Dask is a tool for out-of-core, parallel data analysis. Recently we added a distributed memory scheduler for running dask on clusters. We will also be using dask.bag, which provides an API for operations on unordered lists (like sets but with duplicates). It is great for dealing with semi-structured data like JSON blobs or log files. More blogposts about dask can be found here or here.

Anaconda Cluster lets us easily setup clusters and manage the packages in them with conda. Running the cluster for this demo is just a few lines.

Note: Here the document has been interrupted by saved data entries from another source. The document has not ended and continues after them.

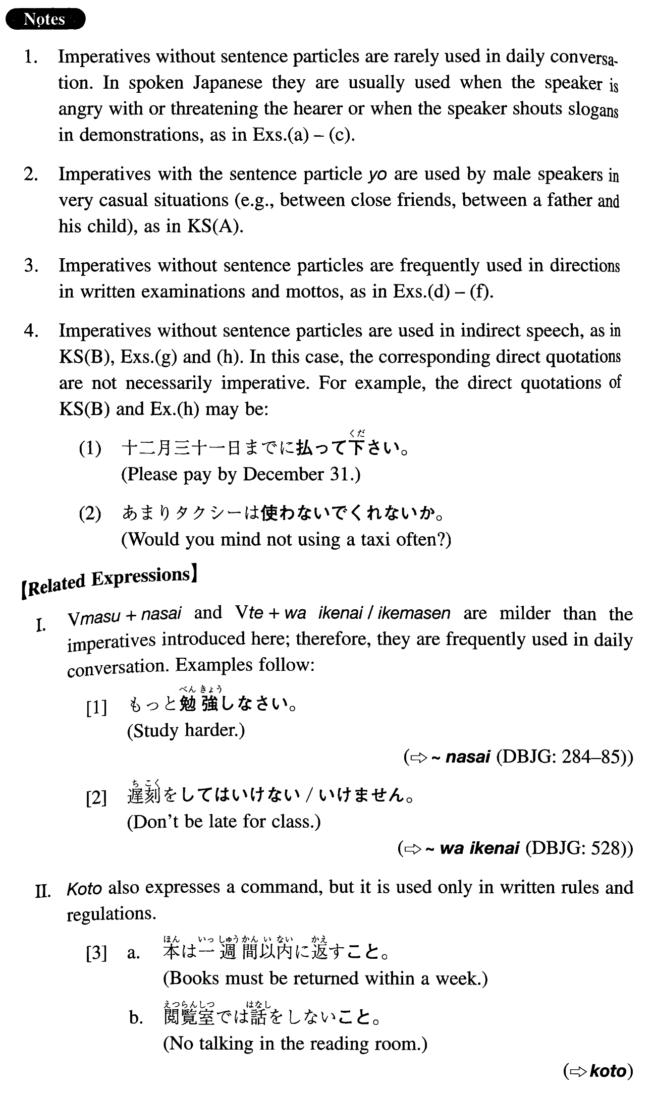 | 【Related Expression: こと; なさい; てはいけない】 | |
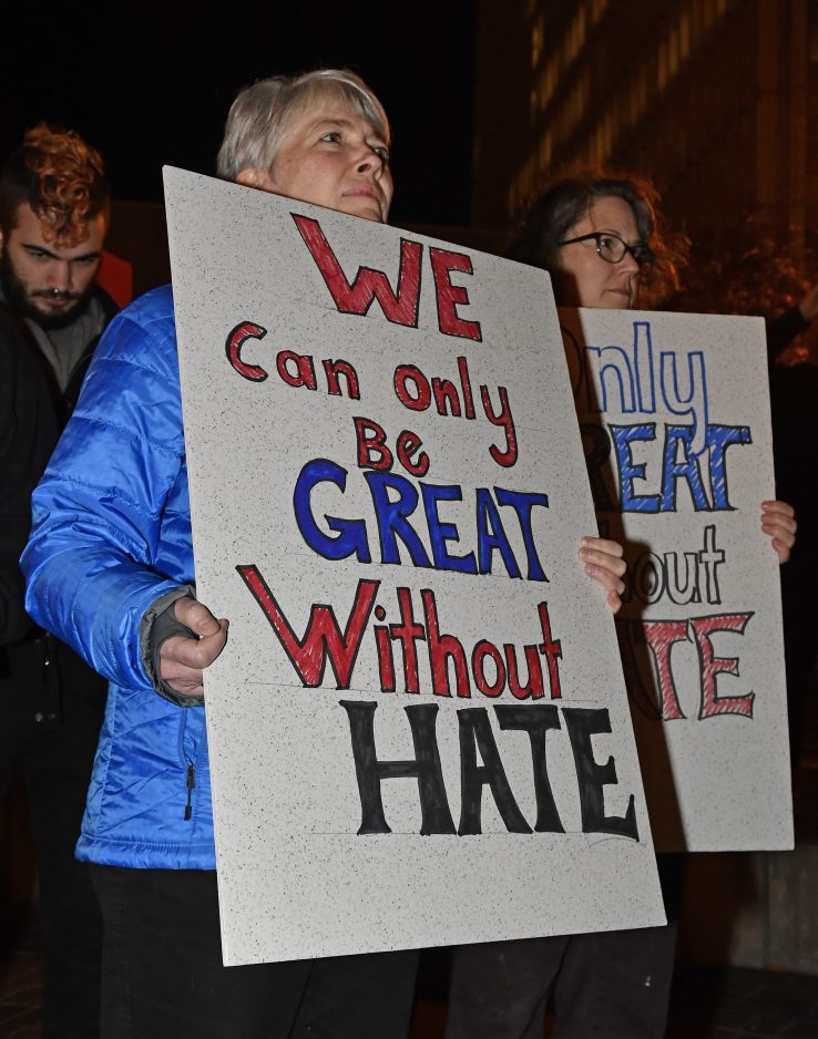 In Philadelphia, protesters near City Hall held signs bearing slogans like “Not Our President,” ”Trans Against Trump” and “Make America Safe For All.”
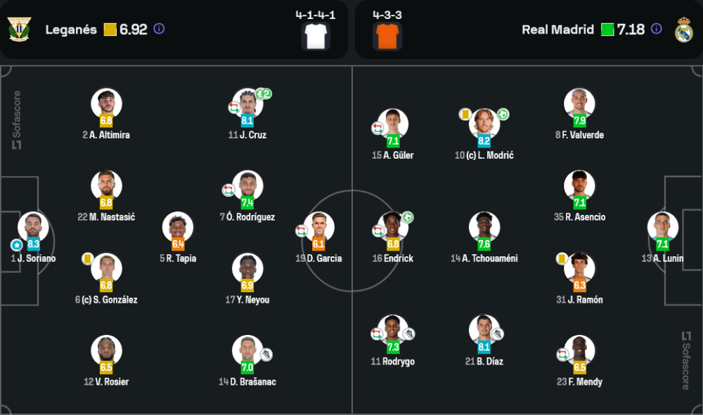 เรอัล มาดริด มาในระบบ 4-3-3 เน้นการครองบอลและการเข้าทำที่รวดเร็ว โดยมีโมดริชเป็นหัวใจในการสร้างสรรค์เกม ส่วนเกมรุกใช้ความเร็วของวินิซิอุสและโรดรีโก้ ในขณะที่ เลกาเนส เลือกใช้แผน 4-1-4-1 เน้นการตั้งรับอย่างมีวินัยและสวนกลับเร็ว ซึ่งทำได้ดีมากในครึ่งหลัง การ วิเคราะห์บอล จากเกมนี้ชี้ให้เห็นว่า แม้จะเป็นทีมรอง แต่เลกาเนสสามารถสร้างความลำบากให้กับทีมใหญ่อย่างมาดริดได้อย่างยอดเยี่ยม
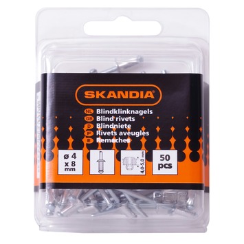 De Skandia blindklinknagels 4x8 mm, ook wel popnagels genoemd, zorgen dat twee stukken plaatmateriaal, als deze maar aan één kant toegankelijk is, aan elkaar worden verbonden. Een blindklinknagel bestaat uit een metalen huls met of zonder kop en een stalen trekpen met een bolle kop, welke met behulp van een blindklinktang in de huls wordt getrokken. De huls zet hierdoor uit en klemt zich vast in de twee stukken plaatmateriaal. Deze 8 millimeter lange aluminium blindklinknagels, diameter 4 millimeter, zijn te gebruiken in een boorgat met een diameter van 4,1 millimeter en een klinkdikte van 4 tot 5 millimeter. Verpakking: doosje 50 stuks.

acluster create my-cluster -p aws_profile  # create the cluster
acluster install notebook dask-cluster  # install plugins that setup an ipython notebook and dask cluster
acluster conda install boto ujson # install conda packages we need for the demo
acluster open notebook  # open ipython-notebook in the browser to interact with the cluster

 

Bash

While dask.distributed is well integrated with Anaconda Cluster it isn’t restricted to it. This blogpost shows how to set up a dask.distributed network manually and these docs show how to set up dask.distributed from any IPyParallel cluster.

Related Projects

Projects for python analytics in a distributed memory environment:

Github Archive data on S3

We took data from githubarchive.com, from January 2015 to May 2015, and put this on S3. We choose S3 because there are nice python libraries for interacting with it, and we can get awesome bandwidth from EC2 to S3. (The script for gathering this data is here).

Lets inspect the data first so we can find something to analyze and learn the data schema. You can inspect the data yourself in the githubarchive-data S3 bucket.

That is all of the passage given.